Le débat sur l’assurance médicaments universelle devrait bientôt s’intensifier alors que le gouvernement fédéral a promis de déposer un projet de loi sur l’assurance médicaments.

La profession actuarielle a été associée de près au développement des grands programmes sociaux canadiens, comme le RRQ, l’assurance maladie, etc. L’Institut canadien des actuaires a pris position sur l’assurance médicaments en 2021. À cette étape-ci du débat, nous désirons expliquer davantage notre position.

Tous les Canadiens devraient être couverts par une assurance médicaments abordable. Plutôt qu’établir un régime universel public unique pour tout le Canada, avec les incertitudes quant aux économies éventuelles et l’empiétement fédéral dans un domaine de compétence provinciale, nous proposons de bâtir sur ce qui existe déjà et d’établir un cadre national dans lequel évolueraient des régimes publics et privés.

Dans ce cadre, les régimes collectifs privés, offerts par les employeurs, les syndicats et les associations professionnelles, demeureraient disponibles, mais devraient respecter des critères nationaux quant aux médicaments couverts et la part maximale du coût demeurant à la charge du patient. Les personnes ne disposant pas d’un régime privé seraient obligatoirement couvertes par un régime géré par leur province de résidence. Partout, les aînés et les prestataires d’aide de dernier recours ont déjà accès à une assurance médicaments publique. On ne ferait qu’ajouter au régime public les personnes non couvertes ailleurs.

Le gouvernement fédéral aurait un rôle important à jouer, comme réassureur, en prenant à sa charge une part des réclamations catastrophiques de chaque patient. De plus, la négociation du prix des médicaments serait centralisée auprès d’un organisme unique, afin d’avoir le pouvoir de négociation le plus fort.

L’approche proposée permettrait aux gouvernements de continuer à se concentrer sur l’amélioration de la santé et les programmes d’éducation de la population et des médecins plutôt que sur l’architecture et l’administration d’un système d’indemnisation.

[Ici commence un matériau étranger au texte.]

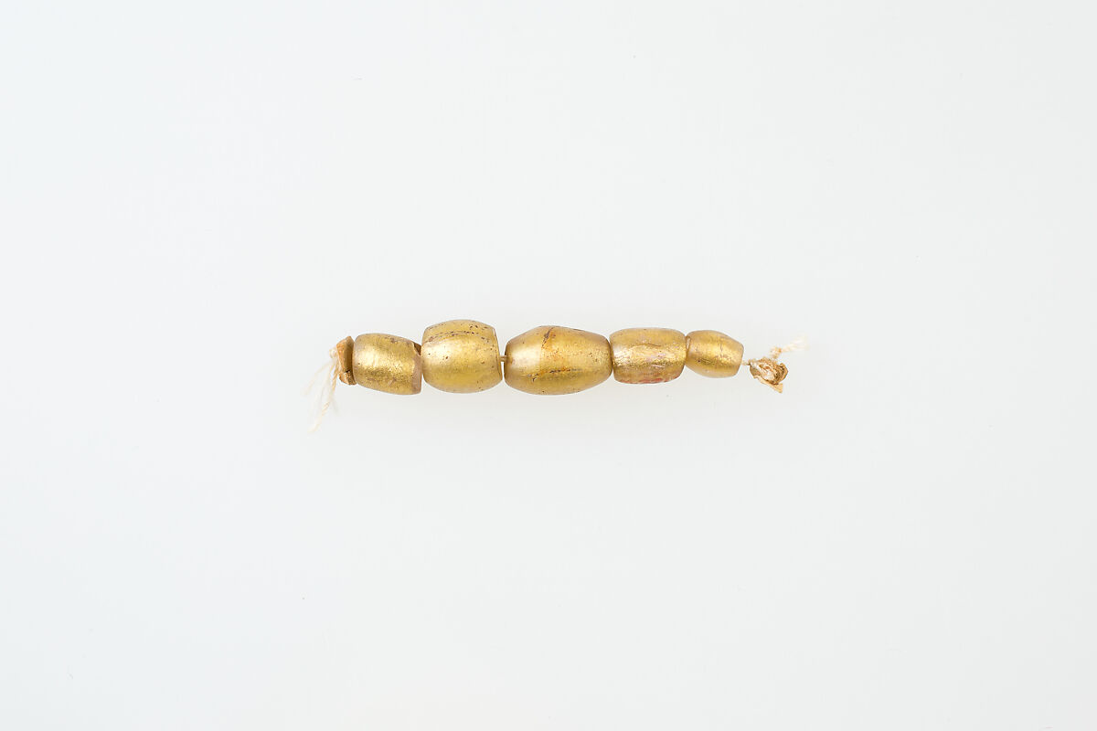 Gold glass beads were a Hellenistic development. They were created by combining drawn tubes of colorless glass with gold foil. The earliest examples were finished bead by bead. These are all modern stringings; most ancient stringing patterns are lost as the string decays.
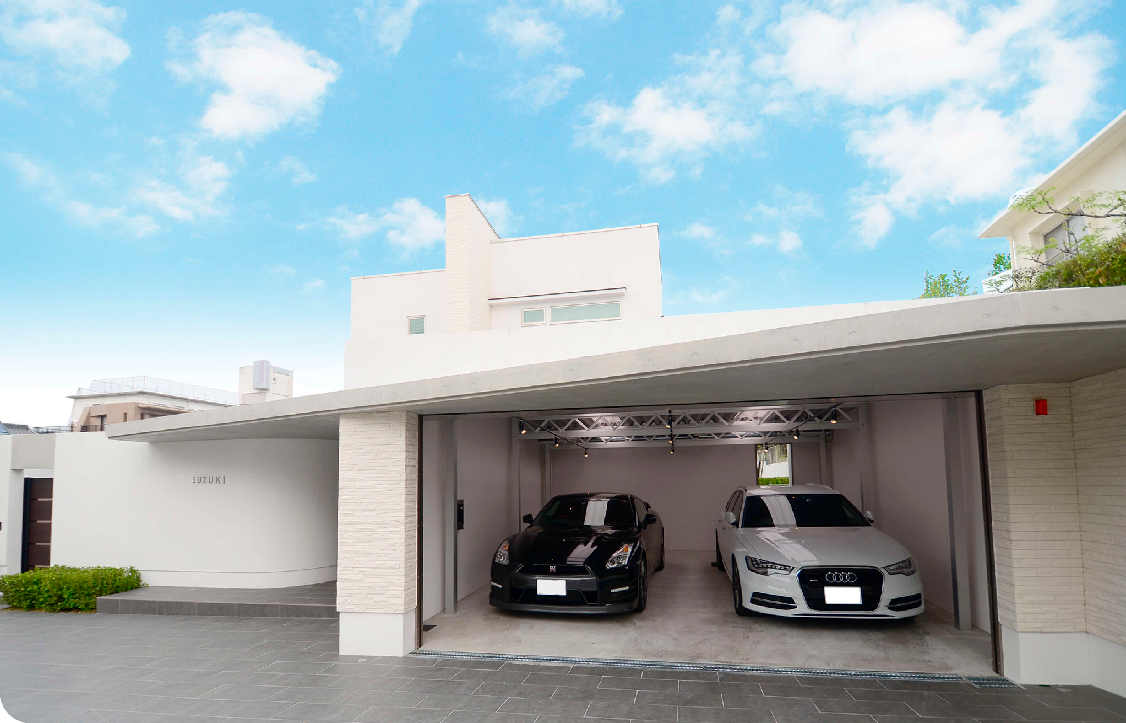 大切な愛車を護ることを前提にガレージは雨風や紫外線から車を守り、傷や塗装の劣化を防ぐ事ができます。さらにシャッターに鍵を付けたり、ガレージ内に防犯カメラを設置することで、より防犯性の高いガレージになります。盗難や車上荒らしなどの犯罪防止対策として効果があります。ガレージの本来の役割は大切な愛車を守ることにあります。自由度の高い設計力で、機能性とデザイン性を持ち合わせたスタイリッシュなガレージも可能です。
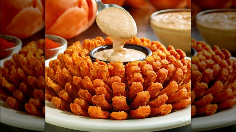For some, Outback Steakhouse's Bloomin' Onion is the stuff of legends. Created back in 1988 by the chain's founder, the "Aussie-Tizer" is made with huge onions that measure 4.25 inches in diameter and weigh 1.24 pounds. Each onion is cut into 200 petals, breaded, and deep-fried until golden brown. One Outback employee described the intricacies of the Bloomin' Onion preparation process for Insider, saying, "We have to take a whole onion, cover it [in] flour, submerge it in soda batter, put more flour on it, and finally put it into the deep fryer and hope that it will come out intact." To top off the experience, the Bloomin' Onion comes with the restaurant's special spicy dipping sauce.
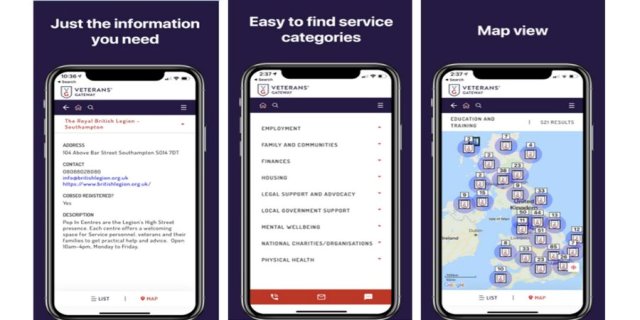 Veterans’ Gateway has an app which helps veterans find support organisations in their area using their smartphone or tablet.
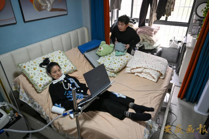 如今,他们靠眼控仪和眼神交流:屏幕上跳出的一行行文字,翟金龙在一旁悉心解读。每个深夜,待妻子安然入睡后,翟金龙都会刷遍病友群和最新的医疗资讯,对渐冻症治疗的每一个新名词、每一条新进展都熟稔于心。“我个人最看好的是干细胞和脑机接口技术,特别关注和期待。”他眼中闪着光。前不久,夫妻俩第一时间刷到合肥脊髓电刺激手术的消息。“这些病友很勇敢,临床是有风险的。但如果有合适的机会,我们也愿意试一试。”
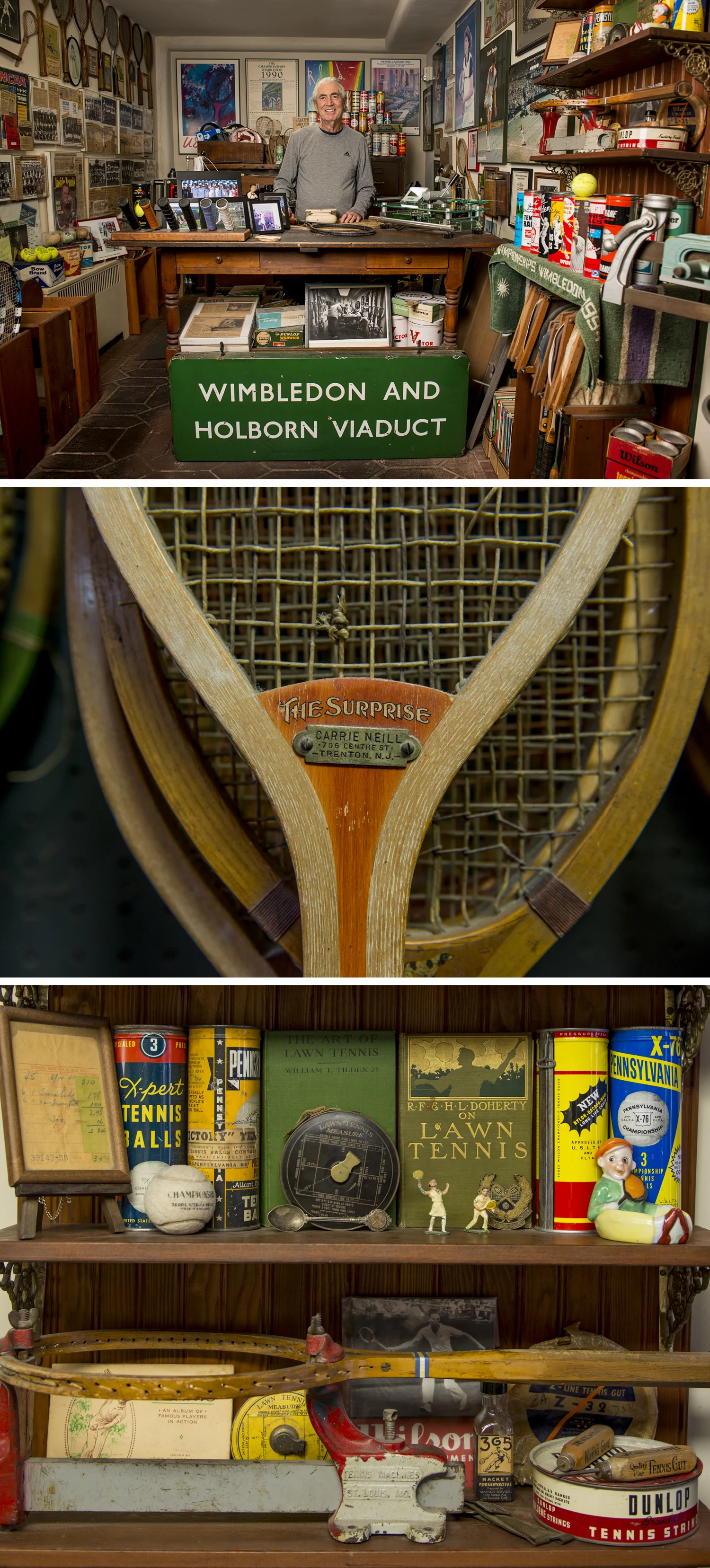 It was by chance last October that I stumbled across The Racket Web, a little treasure trove of tennis past and present nestled inside of Nola's restaurant in Palo Alto. Since 1977 master stringer John Mundorff has been tending to rackets in his same little museum of a racket shop. His shop walls are covered with patinaed tennis history, rackets from the 1800s, Wimbeldon Championship Towels, Tennis Ball sleeves from long before I was born. John and his wife have been collecting tennis memorabilia for quite a while, and he has quite the collection. He also has quite a client following, he was the Stanford Tennis Team Stringer for 30 years running. Generations of tennis players, both amateur and pro have been trusting John with their rackets. The tennis legend Jimmy Connors even stood at The Racket Web's counter, the same spot I stood to ask John if I could come back and take his portrait. With his gentle demeanor John invited me back and with my camera in hand I spent a little over an hour with him. Like old friends we chatted about life, working for ourselves and of course the game of tennis. The game that is a part of John's everyday life and I can tell he loves every minute of it.
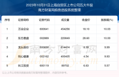 截止2023年10月31日,个股表现方面,上海自贸区上市公司当日领涨股为万业企业(600641),该股当日报收18.10,上涨10.03%,成交量45.43万。东方嘉盛(002889)以上涨10.00%紧随其后,该股当日成交量...
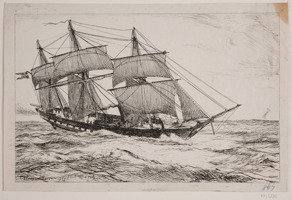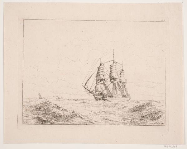 Editor: Anton Melbye's "Et fregatskib under den norske kyst," from 1851; it's an etching, creating a scene of dramatic seas. I’m struck by how turbulent and chaotic the ocean appears; almost as if the ship is at the mercy of nature's fury. What do you make of this work? Curator: You know, it’s fascinating, isn't it? Etchings, especially during the Romantic period, weren't just about replicating reality. They were often charged with emotion, reflecting a fascination with the sublime power of nature. I see a dance between human ambition—that frigate, a symbol of maritime power—and the humbling force of the sea. Melbye doesn't just show us a ship; he’s inviting us to contemplate our place in the face of nature's grand drama. Do you feel that tension when you look at it? Editor: I do. It feels like the ship is bravely battling against the elements. Is there something specifically Norwegian about it, beyond just the title? Curator: That's an insightful question. While the drama of the sea is universal, depicting the Norwegian coast certainly grounds the image in a particular cultural context. Consider how Norway's history is intertwined with the sea – exploration, fishing, naval power. The rough seas around the Norwegian coast were no joke, the livelihoods and lives were constantly tested. To me this encapsulates a collective understanding of a relationship with nature; more a wrestling match than a pleasant stroll. Editor: I hadn't thought about the cultural weight of the location. Curator: See, now I want to sail that coast. Or at least read a good saga by the fire, and leave the sailing to braver souls. Editor: It certainly paints a vivid picture. It’s been really interesting to consider this piece beyond just its surface. I'll never look at seascapes the same way. Curator: And for me, this conversation reignited my love for the sheer evocative power of black and white; Melbye speaks volumes in monochrome.
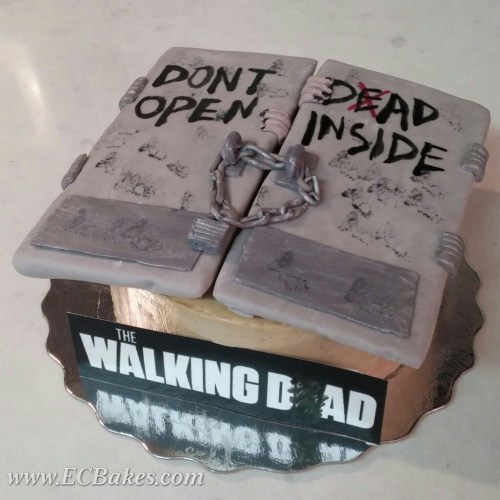 I never watched a single episode of The Walking Dead series until a friend of mine asked me to make a birthday cake for her hubby, who was a fan of this TV series. After some Goggling I decided to make this cake with a twist of humor. I actually made a log but unfortunately there wasn’t enough space to tuck it under the door handle.
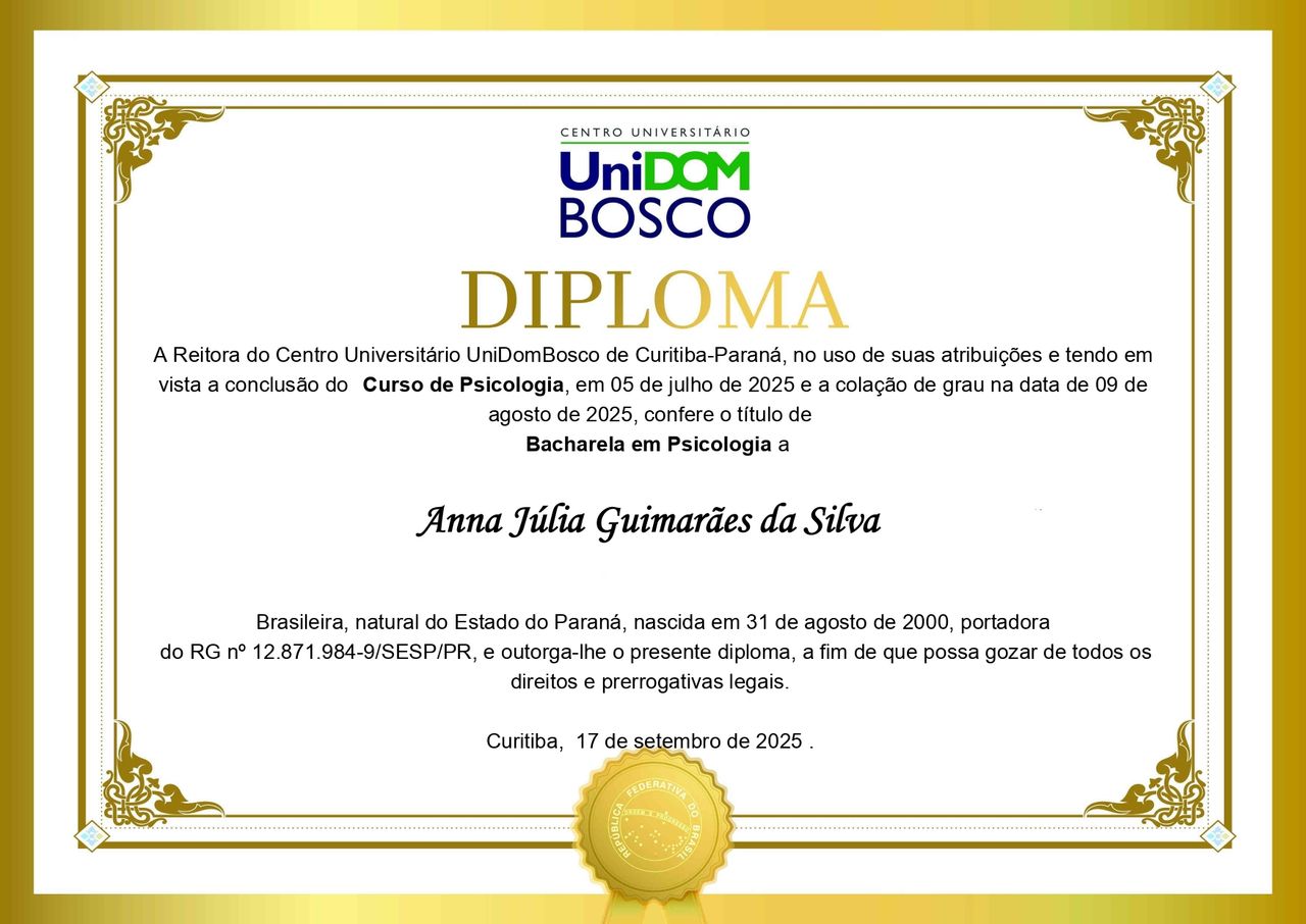 Sou Anna, psicóloga formada pela UniDomBosco. Durante minha trajetória acadêmica, tive a oportunidade de estagiar em duas instituições de ensino que ampliaram profundamente meu olhar sobre as diferentes fases da vida e os desafios que as acompanham. Hoje, sigo movida por um interesse genuíno pela psicologia social e estou à frente do Projeto Encontro, uma iniciativa de ação social em Curitiba.

Pourquoi cette approche ? Pour une kyrielle de raisons :

• Garantir une couverture juste et équitable à tous ;

• Diriger les efforts des gouvernements vers des enjeux de prix et de disponibilité des médicaments et les enjeux de santé publique ;

• Permettre une implantation rapide en réduisant l’éventualité de dérapages administratifs ;

• Répartir les risques entre le plus grand nombre d’intervenants (non seulement les contribuables à travers leurs gouvernements, mais aussi les employeurs et les assureurs) ;

• Conserver le financement actuellement offert par les employeurs ainsi que la plus grande générosité et la flexibilité de leurs régimes ;

• Continuer à bénéficier du travail des assureurs privés qui supportent une partie importante du risque de dépassement de coûts, avec des primes comportant peu de frais administratifs et de profits ;

• Respecter les compétences constitutionnelles des provinces ;

• Permettre aux provinces de conserver leurs revenus fiscaux sur l’assurance médicaments privée (taxes totalisant plus de 12 % au Québec et 10 % en Ontario).

Avant de procéder, il faut analyser sérieusement les coûts et les risques de toute approche nationale en assurance médicaments. Les estimations qui circulent prêtent le flanc à la contestation. Or, l’information existe. Au moins dans le cas du Québec, dont le régime est une mine d’or de données et de renseignements. Et on peut la compléter à l’aide des données des assureurs. Quant aux économies qu’on espère réaliser par des mesures de contrôle de coût nationales, il faudra les baser sur des analyses solides.

Le cadre québécois existe depuis 1997 et on sait ce qui a bien et moins bien fonctionné, ce qui a été corrigé et pourquoi. Il correspond possiblement à notre capacité et à notre volonté de payer. La limite à la charge du patient (1196 $) semble onéreuse, mais devient minuscule si on la compare aux prix faramineux de nombreuses réclamations observées.